| WORK TASK |
An exact reproduction of the entries is needed. Keep all pictures out of it.
--- START ---
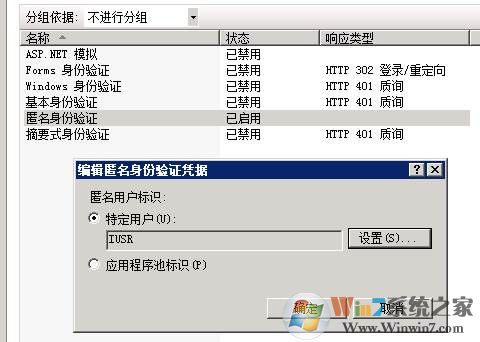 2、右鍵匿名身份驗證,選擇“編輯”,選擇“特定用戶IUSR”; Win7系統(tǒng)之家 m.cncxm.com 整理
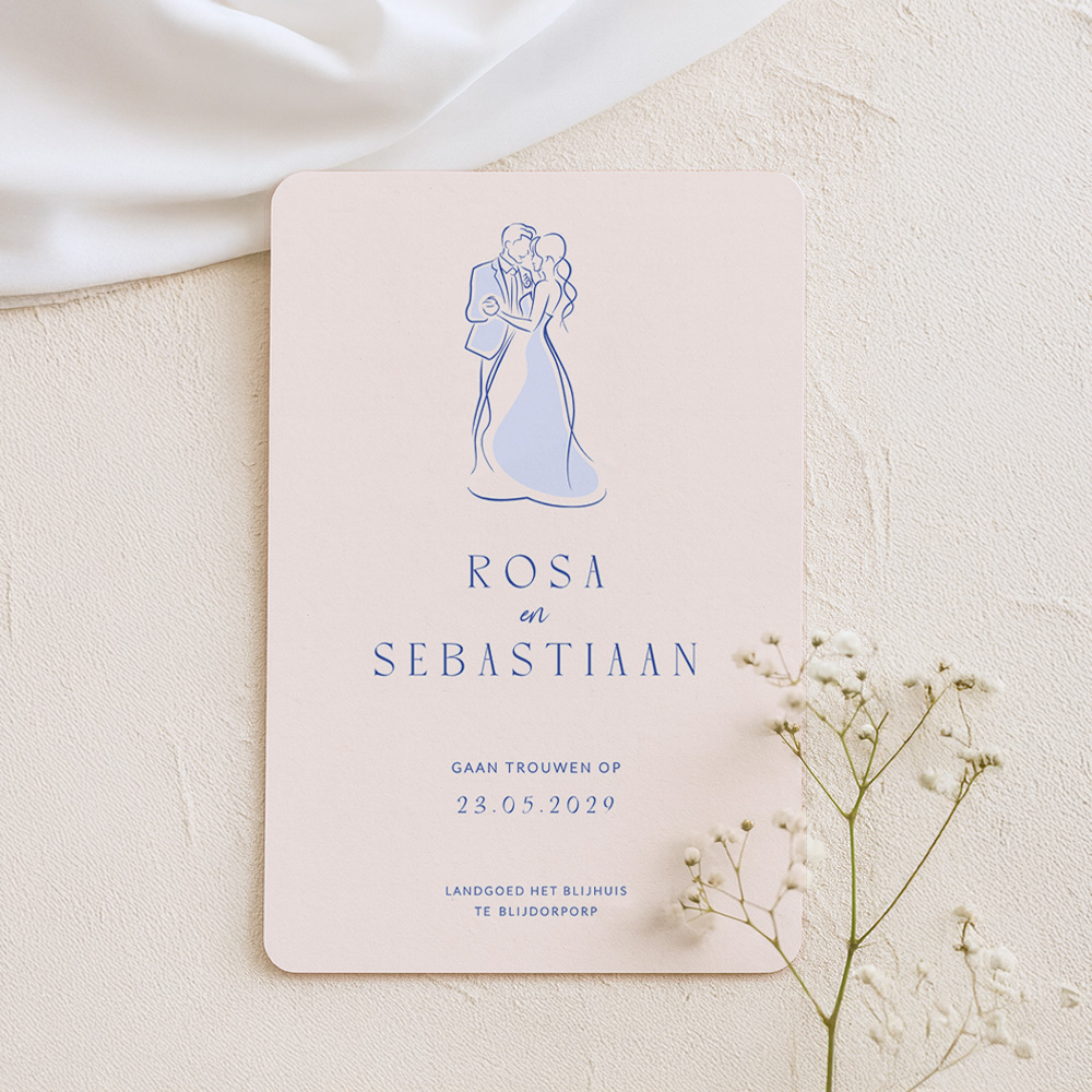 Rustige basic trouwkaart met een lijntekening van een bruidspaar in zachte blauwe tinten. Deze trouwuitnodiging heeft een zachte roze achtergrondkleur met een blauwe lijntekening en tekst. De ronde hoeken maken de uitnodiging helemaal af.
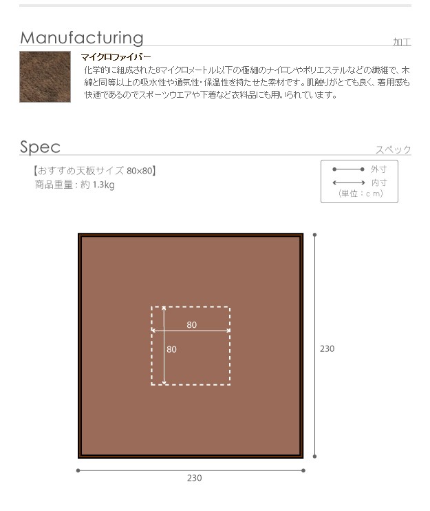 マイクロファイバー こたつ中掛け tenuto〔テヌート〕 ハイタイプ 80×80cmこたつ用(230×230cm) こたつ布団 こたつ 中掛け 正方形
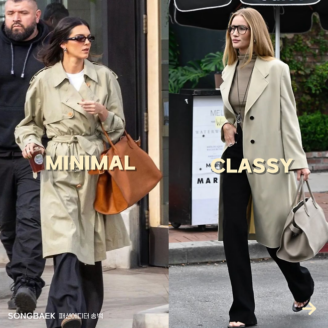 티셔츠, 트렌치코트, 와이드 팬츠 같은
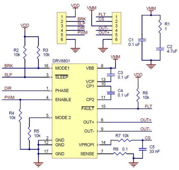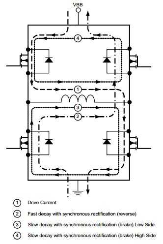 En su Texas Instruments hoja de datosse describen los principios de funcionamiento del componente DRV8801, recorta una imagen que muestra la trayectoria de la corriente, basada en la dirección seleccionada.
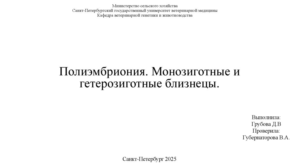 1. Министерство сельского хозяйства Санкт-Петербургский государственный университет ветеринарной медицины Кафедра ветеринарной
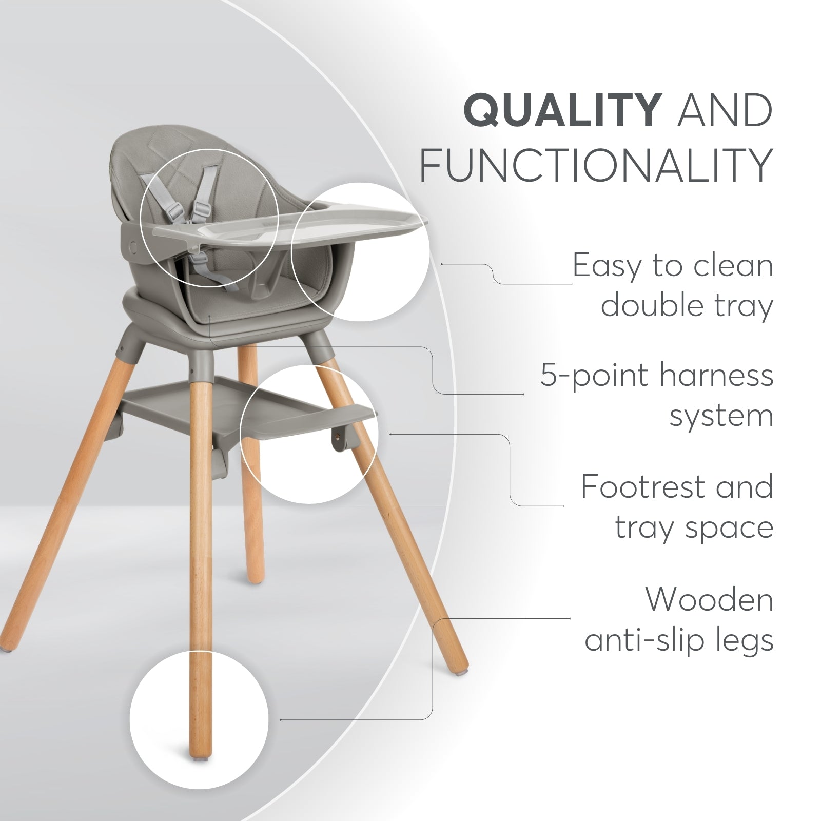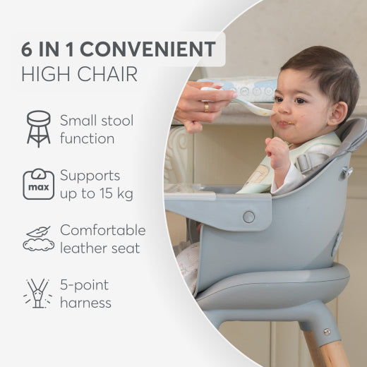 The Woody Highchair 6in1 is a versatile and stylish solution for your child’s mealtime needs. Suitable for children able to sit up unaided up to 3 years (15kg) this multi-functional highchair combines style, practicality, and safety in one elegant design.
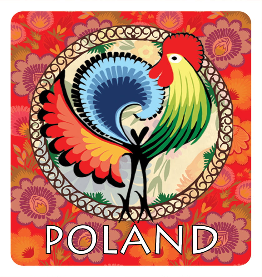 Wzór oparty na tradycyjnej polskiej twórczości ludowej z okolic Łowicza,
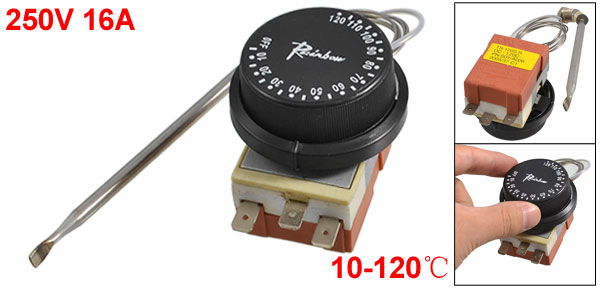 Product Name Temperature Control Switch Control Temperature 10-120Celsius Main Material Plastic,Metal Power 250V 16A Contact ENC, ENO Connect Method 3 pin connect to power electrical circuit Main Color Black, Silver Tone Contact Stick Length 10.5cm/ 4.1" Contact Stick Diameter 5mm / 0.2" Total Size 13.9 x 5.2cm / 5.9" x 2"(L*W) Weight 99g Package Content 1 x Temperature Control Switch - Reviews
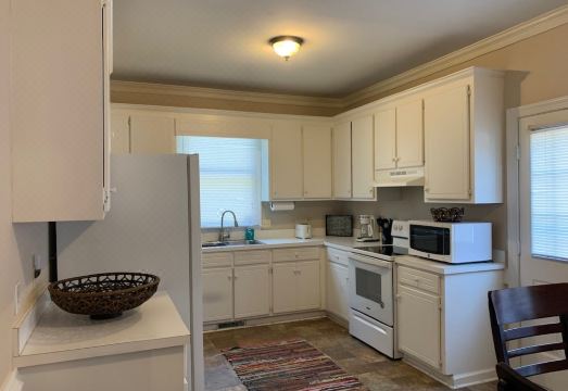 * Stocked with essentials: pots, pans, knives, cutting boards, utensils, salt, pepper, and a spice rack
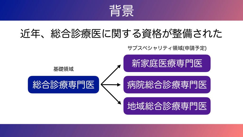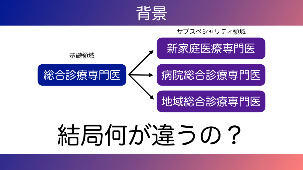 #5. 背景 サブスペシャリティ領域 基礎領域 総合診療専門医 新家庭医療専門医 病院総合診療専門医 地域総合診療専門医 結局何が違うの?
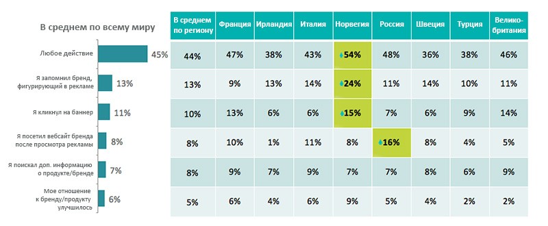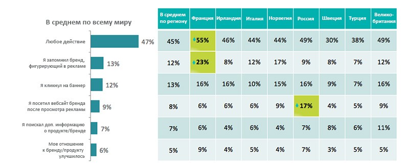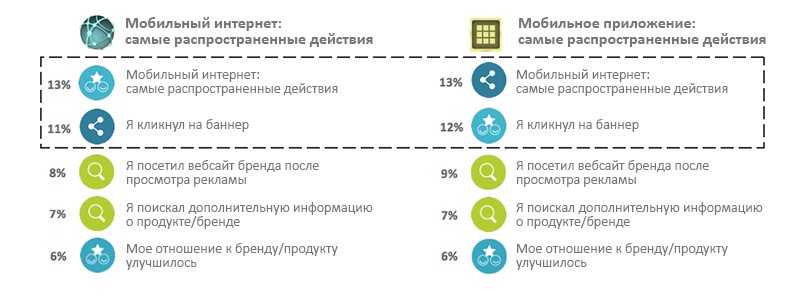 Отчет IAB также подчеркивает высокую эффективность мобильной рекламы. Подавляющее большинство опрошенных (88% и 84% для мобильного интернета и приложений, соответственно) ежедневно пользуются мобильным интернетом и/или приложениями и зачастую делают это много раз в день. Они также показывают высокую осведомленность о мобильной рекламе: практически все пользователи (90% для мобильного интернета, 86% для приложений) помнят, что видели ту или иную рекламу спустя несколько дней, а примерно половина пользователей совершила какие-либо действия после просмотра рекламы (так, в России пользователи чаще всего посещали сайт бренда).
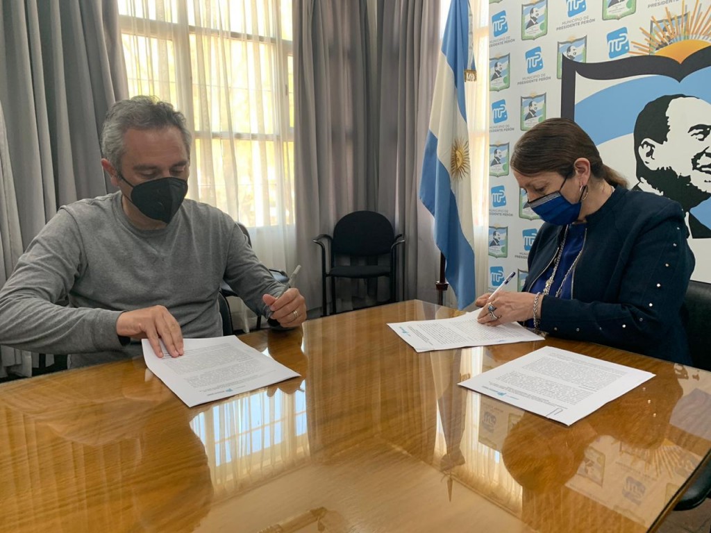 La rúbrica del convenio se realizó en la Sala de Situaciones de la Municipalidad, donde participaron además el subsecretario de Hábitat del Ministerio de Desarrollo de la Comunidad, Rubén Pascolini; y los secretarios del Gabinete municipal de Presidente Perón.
--- END ---
| EXERCISE RESPONSE |
 2、右鍵匿名身份驗證,選擇“編輯”,選擇“特定用戶IUSR”; Win7系統(tǒng)之家 m.cncxm.com 整理
 Rustige basic trouwkaart met een lijntekening van een bruidspaar in zachte blauwe tinten. Deze trouwuitnodiging heeft een zachte roze achtergrondkleur met een blauwe lijntekening en tekst. De ronde hoeken maken de uitnodiging helemaal af.
 マイクロファイバー こたつ中掛け tenuto〔テヌート〕 ハイタイプ 80×80cmこたつ用(230×230cm) こたつ布団 こたつ 中掛け 正方形
 티셔츠, 트렌치코트, 와이드 팬츠 같은
 En su Texas Instruments hoja de datosse describen los principios de funcionamiento del componente DRV8801, recorta una imagen que muestra la trayectoria de la corriente, basada en la dirección seleccionada.
 1. Министерство сельского хозяйства Санкт-Петербургский государственный университет ветеринарной медицины Кафедра ветеринарной
 The Woody Highchair 6in1 is a versatile and stylish solution for your child’s mealtime needs. Suitable for children able to sit up unaided up to 3 years (15kg) this multi-functional highchair combines style, practicality, and safety in one elegant design.
 Wzór oparty na tradycyjnej polskiej twórczości ludowej z okolic Łowicza,
 Product Name Temperature Control Switch Control Temperature 10-120Celsius Main Material Plastic,Metal Power 250V 16A Contact ENC, ENO Connect Method 3 pin connect to power electrical circuit Main Color Black, Silver Tone Contact Stick Length 10.5cm/ 4.1" Contact Stick Diameter 5mm / 0.2" Total Size 13.9 x 5.2cm / 5.9" x 2"(L*W) Weight 99g Package Content 1 x Temperature Control Switch - Reviews
 * Stocked with essentials: pots, pans, knives, cutting boards, utensils, salt, pepper, and a spice rack
 #5. 背景 サブスペシャリティ領域 基礎領域 総合診療専門医 新家庭医療専門医 病院総合診療専門医 地域総合診療専門医 結局何が違うの?
 Отчет IAB также подчеркивает высокую эффективность мобильной рекламы. Подавляющее большинство опрошенных (88% и 84% для мобильного интернета и приложений, соответственно) ежедневно пользуются мобильным интернетом и/или приложениями и зачастую делают это много раз в день. Они также показывают высокую осведомленность о мобильной рекламе: практически все пользователи (90% для мобильного интернета, 86% для приложений) помнят, что видели ту или иную рекламу спустя несколько дней, а примерно половина пользователей совершила какие-либо действия после просмотра рекламы (так, в России пользователи чаще всего посещали сайт бренда).
 La rúbrica del convenio se realizó en la Sala de Situaciones de la Municipalidad, donde participaron además el subsecretario de Hábitat del Ministerio de Desarrollo de la Comunidad, Rubén Pascolini; y los secretarios del Gabinete municipal de Presidente Perón.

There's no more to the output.